Beran tried to convince the Sudeten German Party to vote against Beneš but failed. Beneš on the other hand convinced Hlinka's Slovak People's Party to support him. Beran eventually agreed to negotiate with Beneš. Němec withdrew from election on 17 December 1935 and Republican Party of Farmers and Peasants agreed to support Beneš. Beneš also received indirect support from the Communist Party of Czechoslovakia on 17 December 1935.

===Press campaign===
The right wing and nationalist press led a campaign against Beneš. Parties used their own newspapers for the campaign. The Republicans tried to persuade people that Němec is the only candidate who can be the President of all. The National Unification was strictly against Beneš and tried to undermine Beneš's image of the national candidate. The National Socialists and Social Democrats used their newspapers to support Beneš. Populars eventually supported Beneš due to Masaryk's wish. The Communists supported Beneš because Němec was supported by Fascist parties.

==Procedure==
The president was elected by a bicameral parliament that consisted of 300 Deputies and 150 Senators. A candidate needed 60% of votes to be elected.

==Candidates==
- Edvard Beneš, supported by the Czechoslovak National Socialist Party, Czechoslovak Social Democratic Workers' Party, Czechoslovak People's Party and Communist Party of Czechoslovakia.
- Bohumil Němec, supported by the Republican Party of Farmers and Peasants, Czechoslovak Traders' Party and National Unification. He withdrew from election on 17 December 1935.

==Voting==

Voting was held on 18 December 1935. 440 electors participated in the election. Beneš received 340 votes while 76 votes were blank. 24 electors voted for Němec despite his withdrawal from election. Beneš's support was unexpectedly high.

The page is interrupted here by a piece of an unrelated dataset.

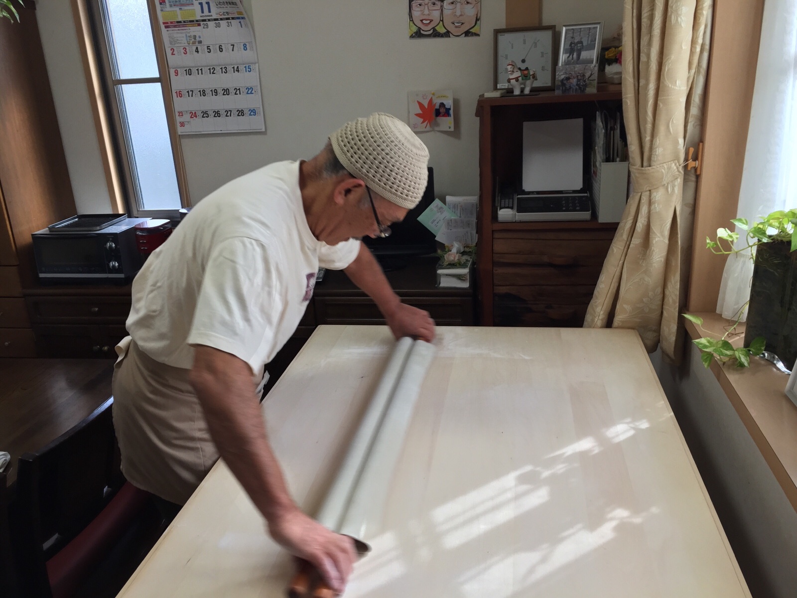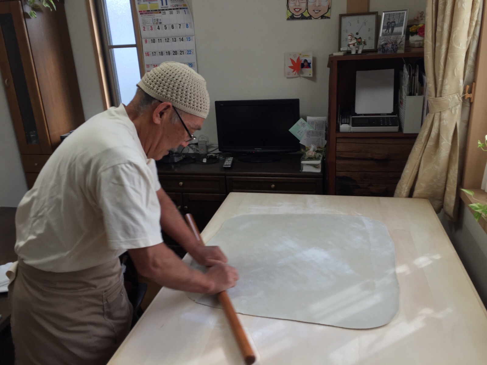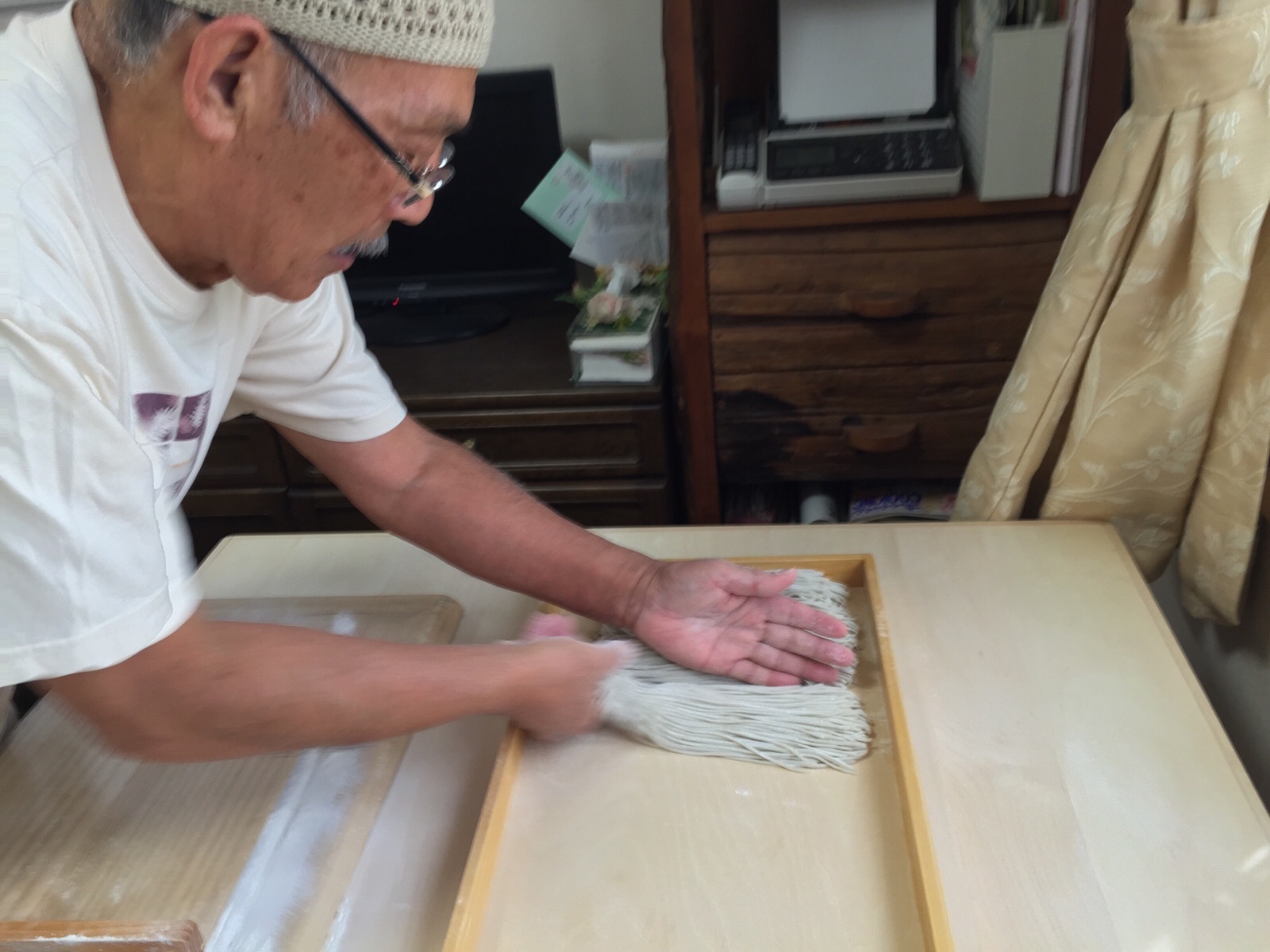 そば粉が8、小麦粉2の本格的なそばを打っています。 お義父さんすごい! masukawa

| Candidate |  | Party | Votes | % |
|---|---|---|---|---|
|  | Edvard Beneš | Czechoslovak National Socialist Party | 340 | 77.27 |
| Blank votes |  |  | 76 | 17.27 |
|  | Bohumil Němec | Republican Party of Farmers and Peasants | 24 | 5.45 |
| Total |  |  | 440 | 100.00 |
| Total votes |  |  | 440 | – |
| Registered voters/turnout |  |  | 450 | 97.78 |

==Aftermath==
Beneš became second president of Czechoslovakia. He led Czechoslovakia until 1938 when he had to leave Czechoslovakia due to World War II and formed the Czechoslovak government-in-exile. He became the leader of the resistance to Nazi Germany and returned to his position as the president of Czechoslovakia when the country was liberated. He resigned in 1948 due to the 1948 coup d'état.